AIM OF THE TASK - The data below is to be transcribed word for word; pictures are to be excluded.
─── DATA BLOCK ───
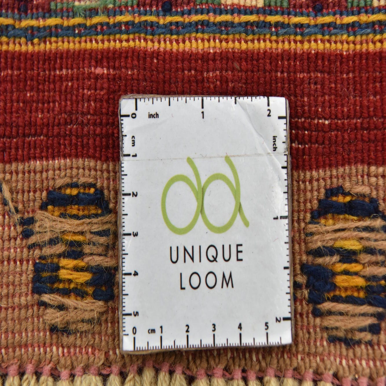 Primary color is Burgundy. Colors in this rug include: Burgundy, Beige, Black, Blue, Brown, Gold, Green, Ivory, Navy Blue.
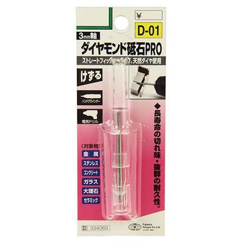 SK11 軸付ダイヤモンド砥石 軸径3mm 砥石6.0×2.0mm ストレートフィッシャータイプ 藤原産業 3.0D-01 【返品種別B】
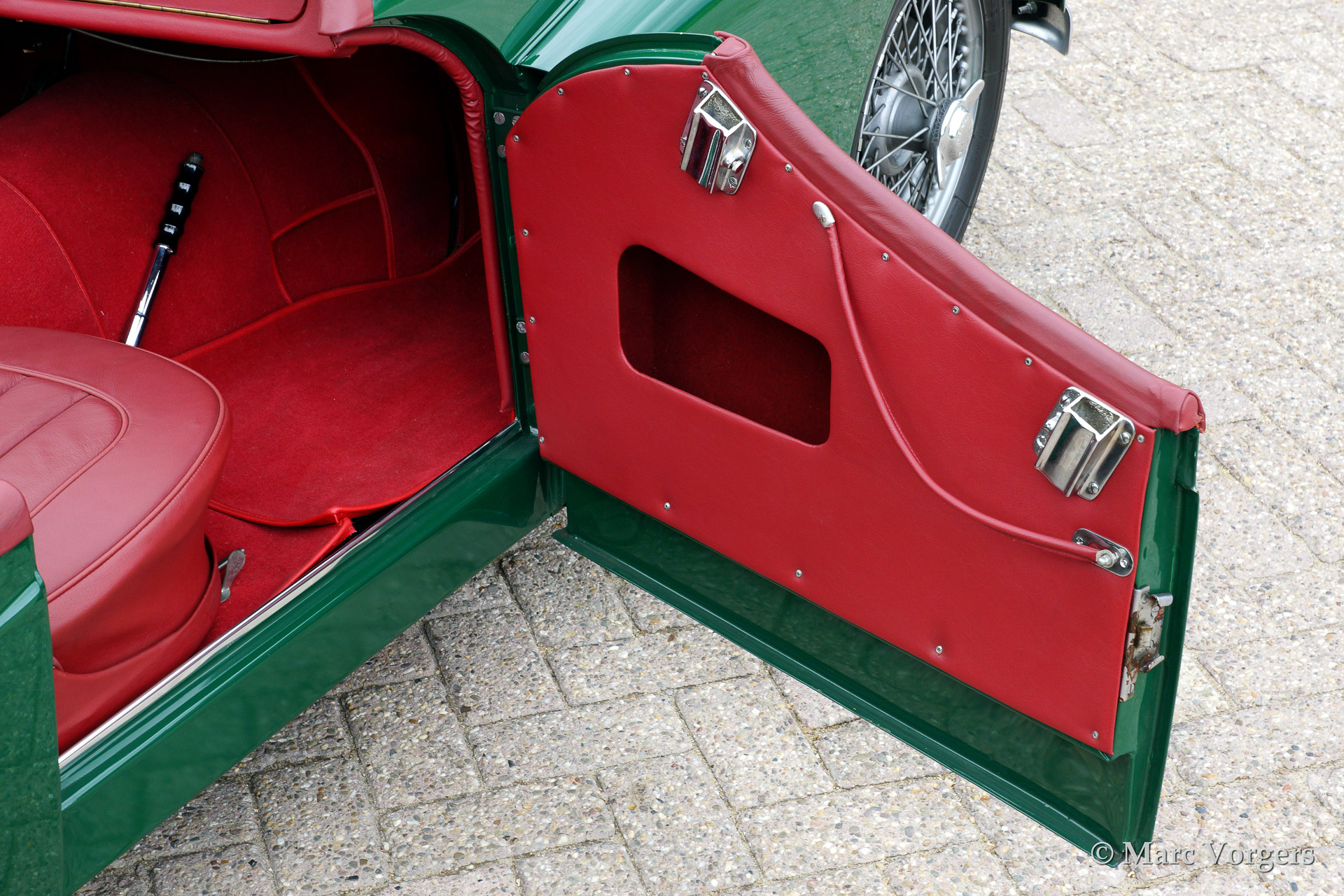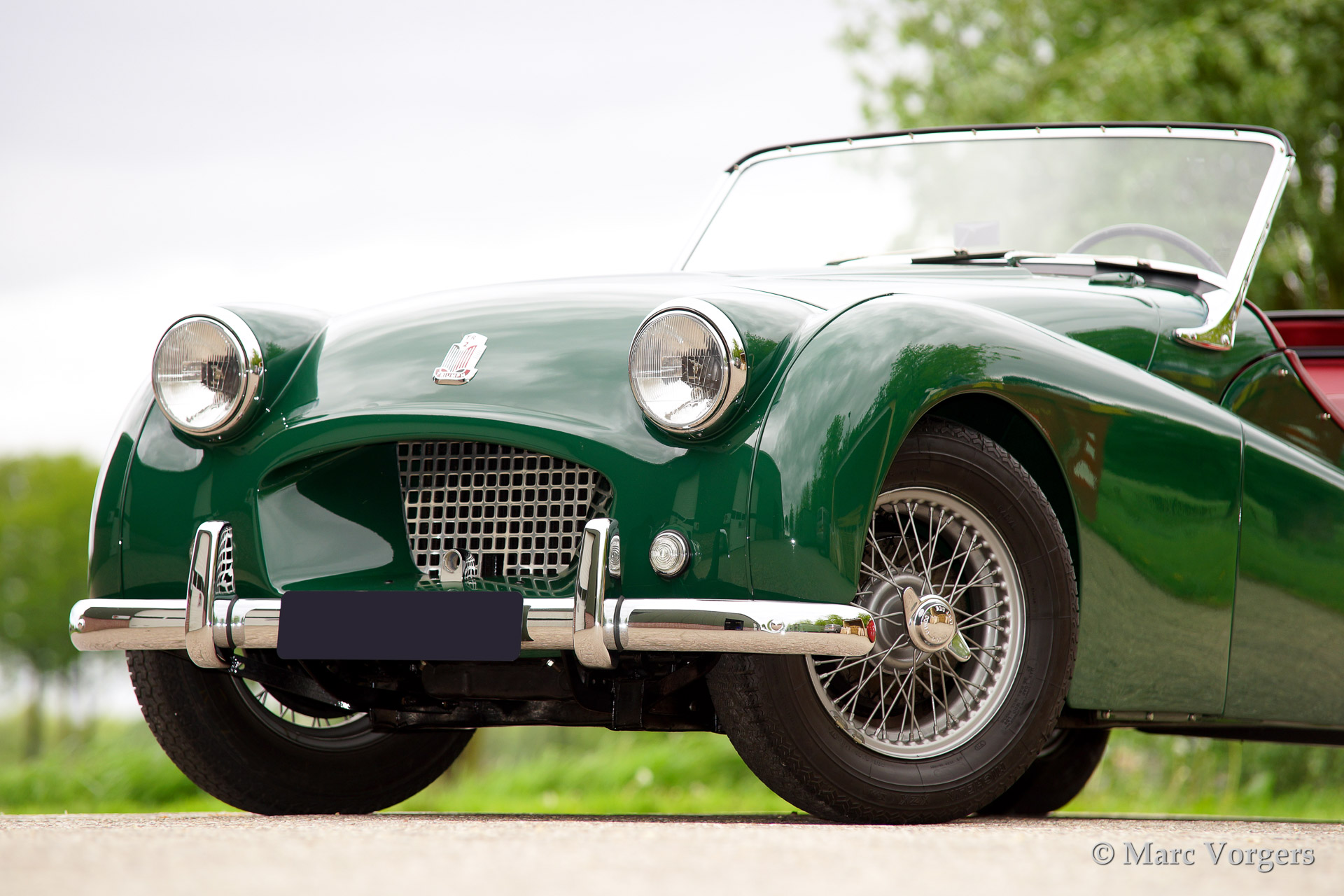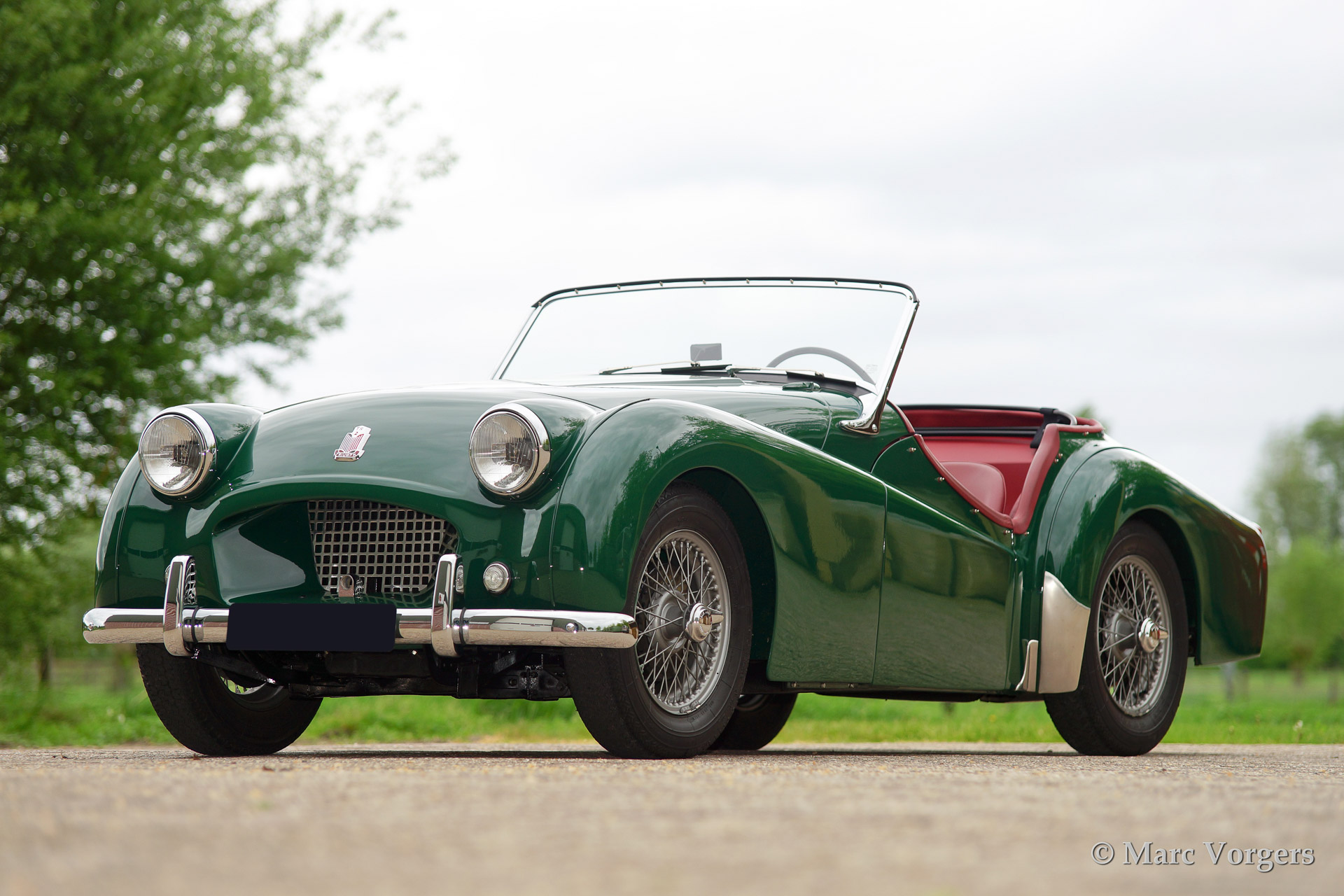 Triumph TR 2 'long door', year 1954. Colour green with a red leather interior. Black hood and side screens. This fantastic Triumph TR 2 was extensively and beautifully restored to original specifications, concours! This is an early and rare TR 2 'long door' model.
───
OUTPUT FOR THIS EXERCISE -
 Primary color is Burgundy. Colors in this rug include: Burgundy, Beige, Black, Blue, Brown, Gold, Green, Ivory, Navy Blue.
 SK11 軸付ダイヤモンド砥石 軸径3mm 砥石6.0×2.0mm ストレートフィッシャータイプ 藤原産業 3.0D-01 【返品種別B】
 Triumph TR 2 'long door', year 1954. Colour green with a red leather interior. Black hood and side screens. This fantastic Triumph TR 2 was extensively and beautifully restored to original specifications, concours! This is an early and rare TR 2 'long door' model.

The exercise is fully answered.